Exams testing basic understanding last year showed only 27per cent of the students were proficient in maths and just 33per cent of students made the grade in English.

This year, a university that serves many students who come from the LA school district, California State Dominguez Hills, will have 33 remedial reading and writing classes as professors throw up their hands in disgust at the social promotion of students without the basic academic skills.

"Had the school district been an independent contractor with the County of Los Angeles, it would have been given its walking papers years ago," said Leron Gubler, president of the Hollywood Chamber of Commerce, and a critic of the system.

"Our members who attempt to hire (LAUSD) graduates complain with greater frequency and frustration that many of the applicants they encounter can't complete a simple job application, and are unable to pass standard job proficiency tests for entry-level positions - skills that require a modicum of knowledge in composition, maths and problem-solving."

Turning to Mr Brewer is seen by many as the desperate act of a desperate organisation.

"By bringing in someone from the military, it's basically an admission that the way schools have been governed and administered by educrats is just not working," said Lance Izumi, director of education studies at the Pacific Research Institute think tank.

Mr Izumi, a member of Governor Arnold Schwarzenegger's California Education Coalition, said Mr Brewer needed to surround himself with similar reform-minded advisers to make any positive changes.

"The Los Angeles Unified School District is incredibly top-heavy.
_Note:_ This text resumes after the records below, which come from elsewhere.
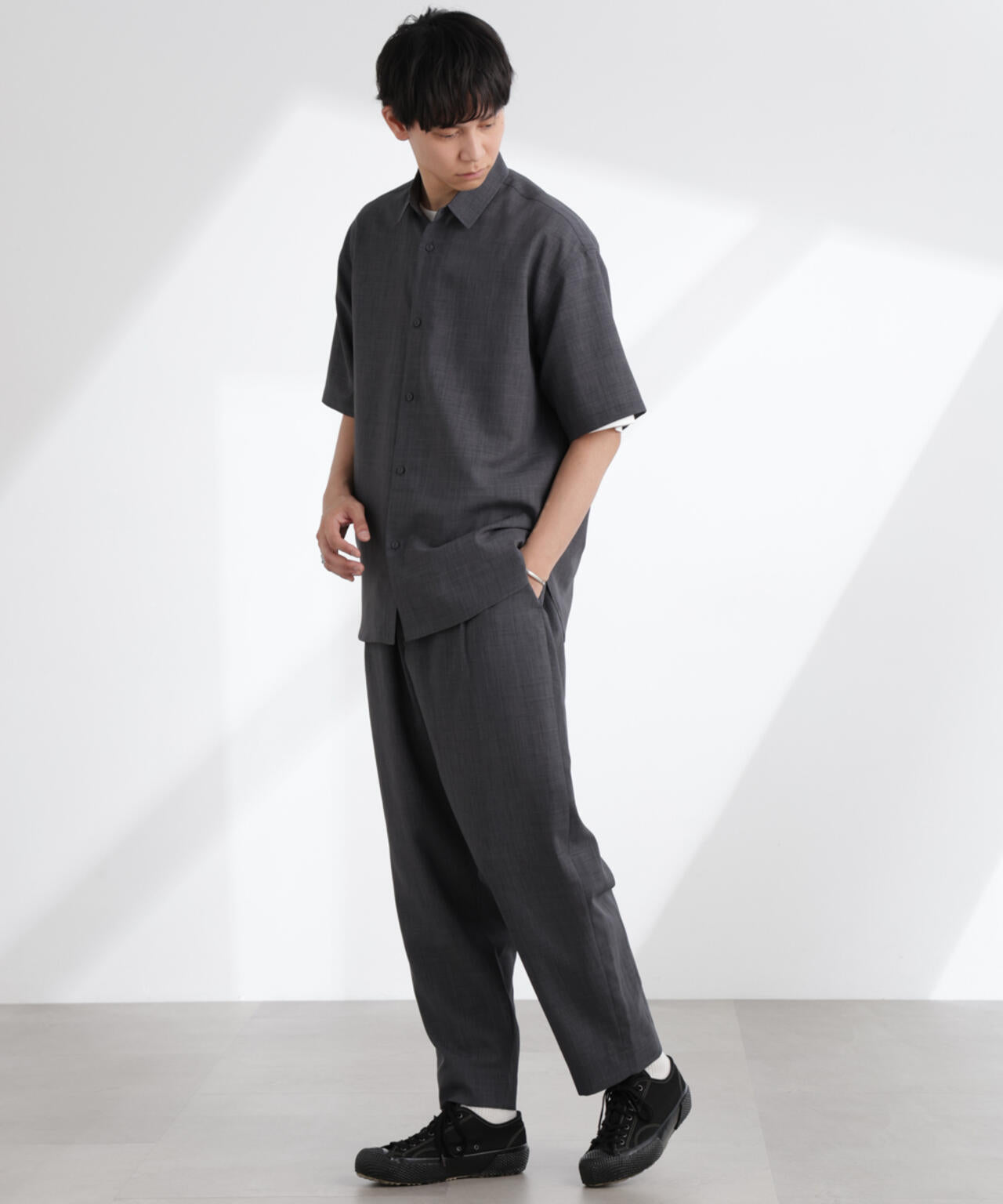 ・無地のワントーンが幅広いスタイリングに活躍
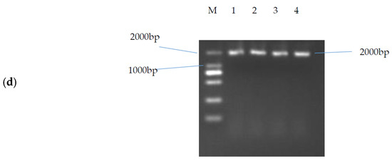 PCR amplification results of TLR4 gene in Yak. (a) Yak TLR4 alternative spliceosome’s amplification using primer P1. Note: M: DL-2000 NDA (DeoxyriboNucleic Acid) marker; 1–4; RT-PCR product of yak’s TLR4 alternative spliceosomes; (b) Yak TLR4 alternative spliceosome’s amplification using primer P2. Note: M: DL-2000 NDA marker; 1–4: RT-PCR product of yak’s TLR4 alternative spliceosome; (c) Bacterial PCR product of yak’s TLR4 cloned alternative spliceosomes. Note: M: DL-2000 NDA marker; 1: 300 bp product after cloning of 300 bp product; 2: 750 bp product after cloning of 300 bp product; 3: 929 bp product after cloning of 300 bp product. (d) Yak’s TLR4 alternative spliceosome’s amplification using primer P3. Note: M: DL-2000 NDA marker; 1–4: RT-PCR product of yak’s TLR4 gene.
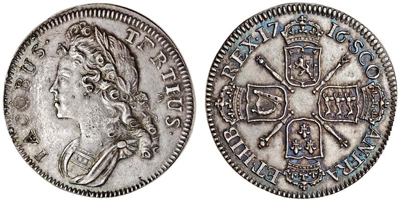Scotland, James III, 'The Old Pretender,' pattern Guinea in silver, 1716, dies by Norbert Roettiers, struck by M. Young, c.1828, laureate, cuirassed bust left, iacobvs tertivs, rev. four crowned shields cruciform, edge plain (S.5728), obverse flan flaws, reverse toned, nearly extremely fine, rare
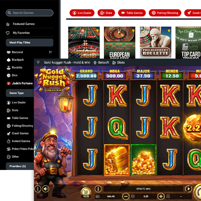Includes a huge selection of popular slots and digital table games that include multiple variants of Poker, Blackjack, Roulette, Crabs, Plinko, Fishing and more.
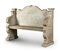 White marble bench in pompeian style with shaped back carved in bas-relief with scene of bacchanal (cm 167x120x96) (defects)
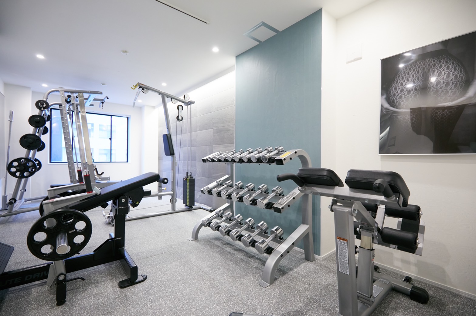 スミスマシン, インクラインベンチ, ケーブルマシン, ダンベル1~5kg, ヨガマット, ストレッチポール, チューブ類, セラバンド, ラットプルダウン、バックエクステンション、グルートドライブ エアコン, 音響設備

There is one bureaucrat for every teacher (a ratio which was 1:7 40 years ago), so you've got a lot of people who are interested in saving their jobs," he said.

"Brewer needs to start cutting the fat, and there's a lot to cut, and to go outside of this culture for advice or it'll just be more of the same."

As parents who have had to endure underperforming schools know, more of the same means declining standards and rising exasperation.

"What really irks me is that they spend $US11,000 a year to basically not educate our kids," said Mary O'Connor, a mother of two.

"That's my taxes at work. And on top of that, parents have to pay for a private school because they can't send their kids to a public school."

The refrain is heard throughout the city, but despite popular support, voters turned against a voucher system, in which schools, public and private, compete for students who are given the power to choose a school with the money the state would normally spend on them.

"The fact that the school system here is not reforming itself means that eventually we will need to look again at something like vouchers, which makes a lot of sense to a lot of people," said Mr Izumi.

It makes little sense to the teacher unions, however, which pull the strings on much of what happens within LAUSD.

The influence of the unions has meant that bad teachers are virtually immune from being sacked.

"You can have a person committing educational malpractice in the classroom every day but they can't be removed," Mr Izumi said.

"It costs something like $US400,000 to remove a single teacher from the system with all the appeals and hearings, so it's really the dance of the lemons, shuffling them from one school to another, or in some instances, promoting them."

Many critics of the school system admit that the influx of Hispanics, who represent three of every four students within LAUSD and do not always speak English well, has provided an educational challenge.

But the system's decline can be traced back to the 1960s, when teaching universities began to move away from tried and tested methods of education such as phonics in search of more modern, though flawed, approaches, such as the disastrous language experiment.

"Students going into teaching were subjected to a whole lot of psychobabble about how children needed to discover their own knowledge," Mr Izumi said.

"That's fine, but teach them to read and spell and write and add up first.

"Instead, we got all these faddish ideas like 'whole language' and 'fuzzy math', which really made it impossible for kids to learn.

"And now we're bearing the fruits of that."